Not only does Gay write about varied examples of violence experienced by women but also how different women cope with violence, how they use it, and how it impacts their lives going foward even once when it is no longer an immediate threat to them. Some of the most interesting stories focus on women who choose to put themselves in harmful or violent situations because they cannot cope with the reality of their lives and believe that they deserve to be treated as though they are nothing.

Gay writes about the tragic experiences of women with both objectivity and compassion, creating women who may as well be living, breathing people that you cannot help but sympathise with. Reading this collection will only enhance your understanding of the complexity of what it means to be a women who faces abuse.

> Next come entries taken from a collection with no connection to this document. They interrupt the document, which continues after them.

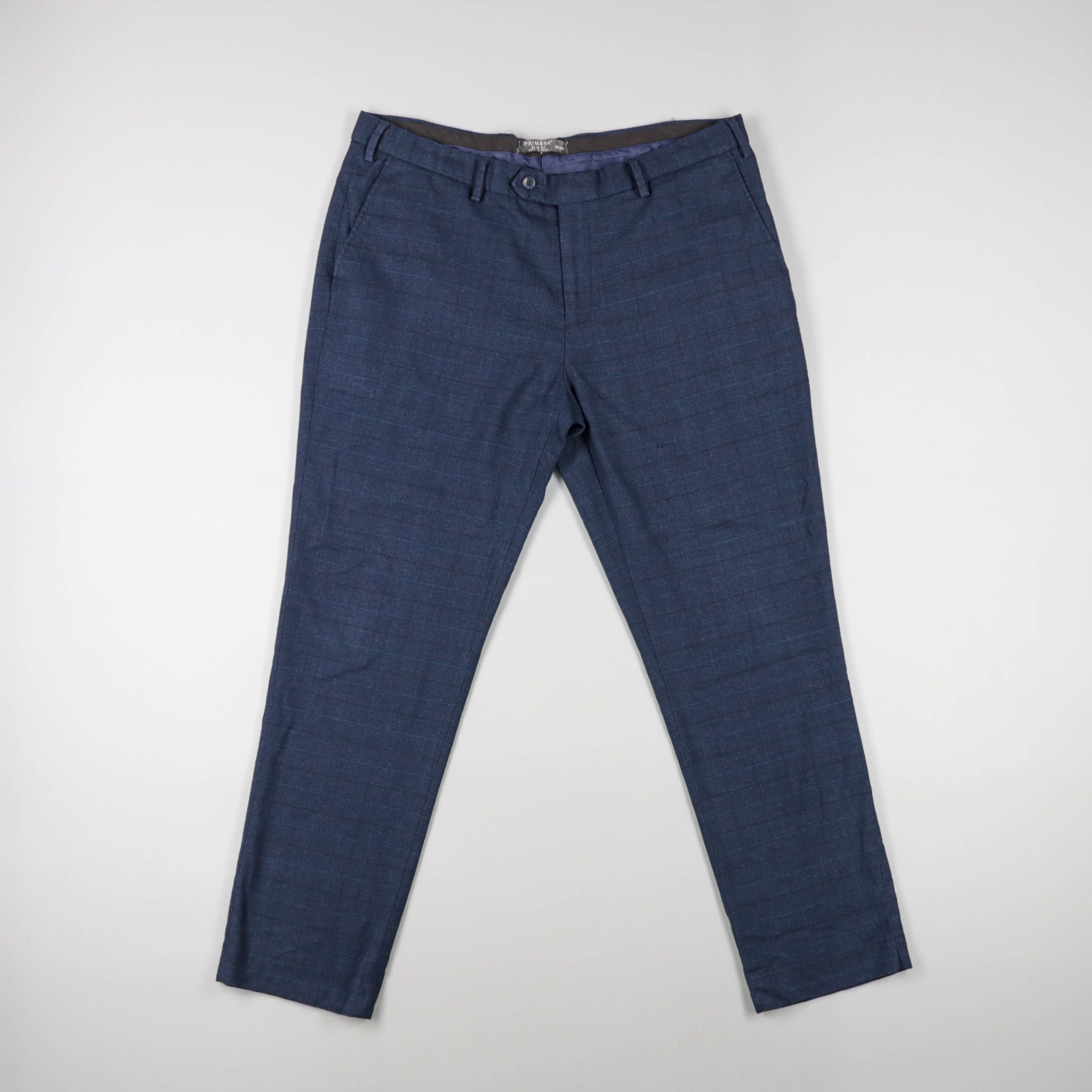 Мужские классические брюки Primark в синем цвете с тонкой клеткой и шлевками под ремень. Подойдут для офиса, деловых встреч и повседневных образов в smart casual. Практичный плюс — немаркий оттенок и ткань, которая хорошо держит форму.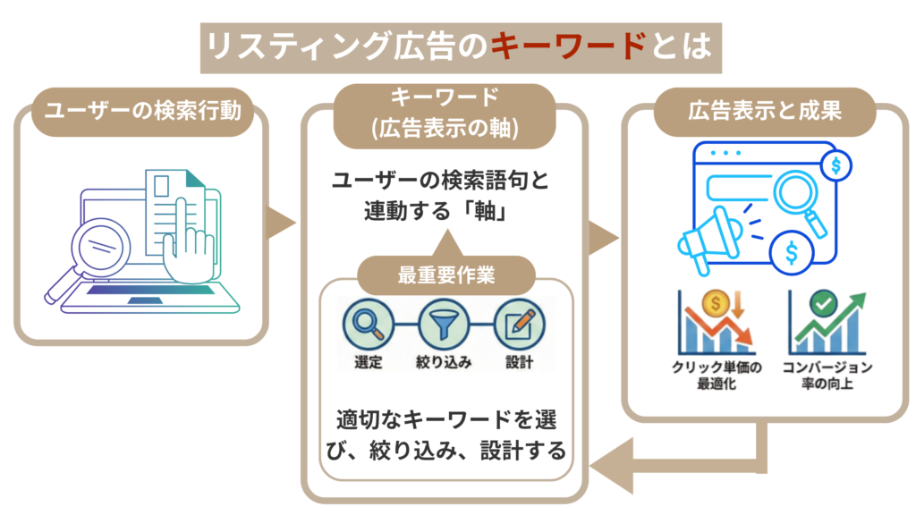 リスティング広告における「キーワード」とは、ユーザーが検索エンジンに入力する語句に連動して広告が表示される仕組みの“軸”となる要素です。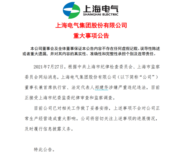 2021年7月6日,上海電氣(601727)發布公告,因公司涉嫌信息披露違法違規,中國證監會決定對公司立案調查。7月27日晚,上海電氣黨委書記、董事長鄭建華因涉嫌嚴重違紀違法,目前正接受上海市紀委監委紀律審查和監察調查。

Before the Coffee gets Cold

Toshikazu Kawaguchi

Before the Coffee gets Cold is a Japanese bestseller about a small cafe in Tokyo which offers the customers the chance to travel back in time. In this book we meet four customers, all of whom have reason to time travel, one to speak to a lover who left, one to read a letter written by her husband with Alzheimer’s, one to see her recently deceased sister and one to meet the daughter she never got to know.

This is a charming exploration of missed opportunities that begs the question; who would you travel through time to see? This novel is deeply moving, however my favourite part of reading it was finding out about the various regular characters found in the cafe. Learning about the intriguing stories of the cafe staff is a is gradually told at a pace that always keeps you on edge to find out more.

When it comes to translated fiction I generally don’t comment on the language because I am not reading the book as it was written. Therefore, although I found some of the language slightly repetitive at times, I would credit the translation as being intelligently written.

I will admit that I found there to be slightly more exposition than necessary in the first chapter which meant that it took getting through this chapter before I started to really enjoy the book. However, I also think that may be a tricky pitfall to avoid with a book fo this nature as there are various rules for the time travel that must be explained in order for the rest of the book to be as good as it was.

Overall, I greatly enjoyed this unusual concept found in a charming piece of translated fiction. I would definitely recommend this quick read.